> _PROVIDED MATERIAL_:

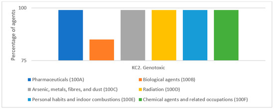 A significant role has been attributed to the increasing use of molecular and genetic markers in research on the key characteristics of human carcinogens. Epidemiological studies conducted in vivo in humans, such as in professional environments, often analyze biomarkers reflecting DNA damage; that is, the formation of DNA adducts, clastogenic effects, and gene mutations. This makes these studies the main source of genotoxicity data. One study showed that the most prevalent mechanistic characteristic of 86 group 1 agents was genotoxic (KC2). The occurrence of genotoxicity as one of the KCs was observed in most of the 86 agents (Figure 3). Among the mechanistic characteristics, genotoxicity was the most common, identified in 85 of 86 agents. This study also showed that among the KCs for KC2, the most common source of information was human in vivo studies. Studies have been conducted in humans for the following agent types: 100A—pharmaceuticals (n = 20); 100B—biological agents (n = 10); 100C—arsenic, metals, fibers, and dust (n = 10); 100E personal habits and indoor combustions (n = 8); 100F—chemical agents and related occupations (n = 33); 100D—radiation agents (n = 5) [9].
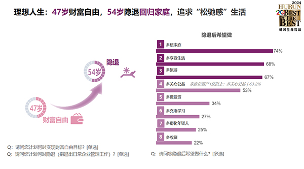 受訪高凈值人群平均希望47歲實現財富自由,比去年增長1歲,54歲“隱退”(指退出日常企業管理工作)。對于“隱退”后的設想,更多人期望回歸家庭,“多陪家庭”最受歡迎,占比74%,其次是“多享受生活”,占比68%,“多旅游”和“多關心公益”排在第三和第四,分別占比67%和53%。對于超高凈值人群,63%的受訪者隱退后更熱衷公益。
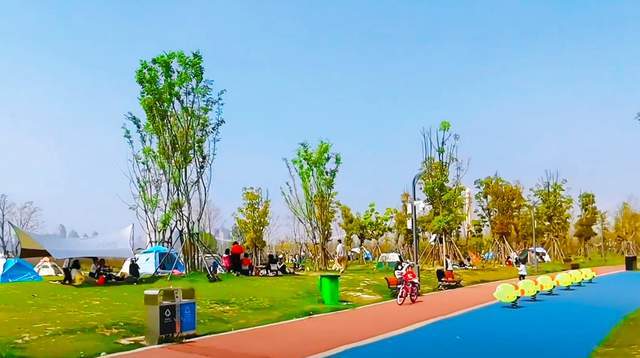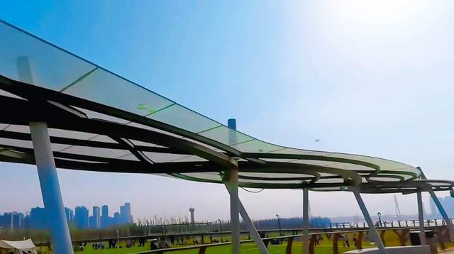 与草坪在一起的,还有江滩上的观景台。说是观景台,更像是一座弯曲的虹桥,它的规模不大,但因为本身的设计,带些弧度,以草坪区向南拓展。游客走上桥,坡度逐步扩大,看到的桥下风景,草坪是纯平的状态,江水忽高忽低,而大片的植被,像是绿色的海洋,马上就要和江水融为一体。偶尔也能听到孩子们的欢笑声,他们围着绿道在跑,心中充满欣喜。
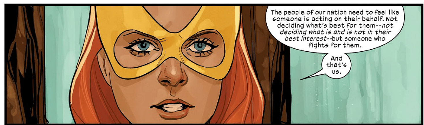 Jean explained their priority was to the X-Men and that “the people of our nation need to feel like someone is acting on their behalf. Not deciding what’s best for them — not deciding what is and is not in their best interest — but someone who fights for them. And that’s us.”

> _TASK INSTRUCTIONS_: Whenever a picture appears in the listing, leave it out; copy everything else exactly.

> _SOLVED EXERCISE_:
 A significant role has been attributed to the increasing use of molecular and genetic markers in research on the key characteristics of human carcinogens. Epidemiological studies conducted in vivo in humans, such as in professional environments, often analyze biomarkers reflecting DNA damage; that is, the formation of DNA adducts, clastogenic effects, and gene mutations. This makes these studies the main source of genotoxicity data. One study showed that the most prevalent mechanistic characteristic of 86 group 1 agents was genotoxic (KC2). The occurrence of genotoxicity as one of the KCs was observed in most of the 86 agents (Figure 3). Among the mechanistic characteristics, genotoxicity was the most common, identified in 85 of 86 agents. This study also showed that among the KCs for KC2, the most common source of information was human in vivo studies. Studies have been conducted in humans for the following agent types: 100A—pharmaceuticals (n = 20); 100B—biological agents (n = 10); 100C—arsenic, metals, fibers, and dust (n = 10); 100E personal habits and indoor combustions (n = 8); 100F—chemical agents and related occupations (n = 33); 100D—radiation agents (n = 5) [9].
 受訪高凈值人群平均希望47歲實現財富自由,比去年增長1歲,54歲“隱退”(指退出日常企業管理工作)。對于“隱退”后的設想,更多人期望回歸家庭,“多陪家庭”最受歡迎,占比74%,其次是“多享受生活”,占比68%,“多旅游”和“多關心公益”排在第三和第四,分別占比67%和53%。對于超高凈值人群,63%的受訪者隱退后更熱衷公益。
 与草坪在一起的,还有江滩上的观景台。说是观景台,更像是一座弯曲的虹桥,它的规模不大,但因为本身的设计,带些弧度,以草坪区向南拓展。游客走上桥,坡度逐步扩大,看到的桥下风景,草坪是纯平的状态,江水忽高忽低,而大片的植被,像是绿色的海洋,马上就要和江水融为一体。偶尔也能听到孩子们的欢笑声,他们围着绿道在跑,心中充满欣喜。
 Jean explained their priority was to the X-Men and that “the people of our nation need to feel like someone is acting on their behalf. Not deciding what’s best for them — not deciding what is and is not in their best interest — but someone who fights for them. And that’s us.”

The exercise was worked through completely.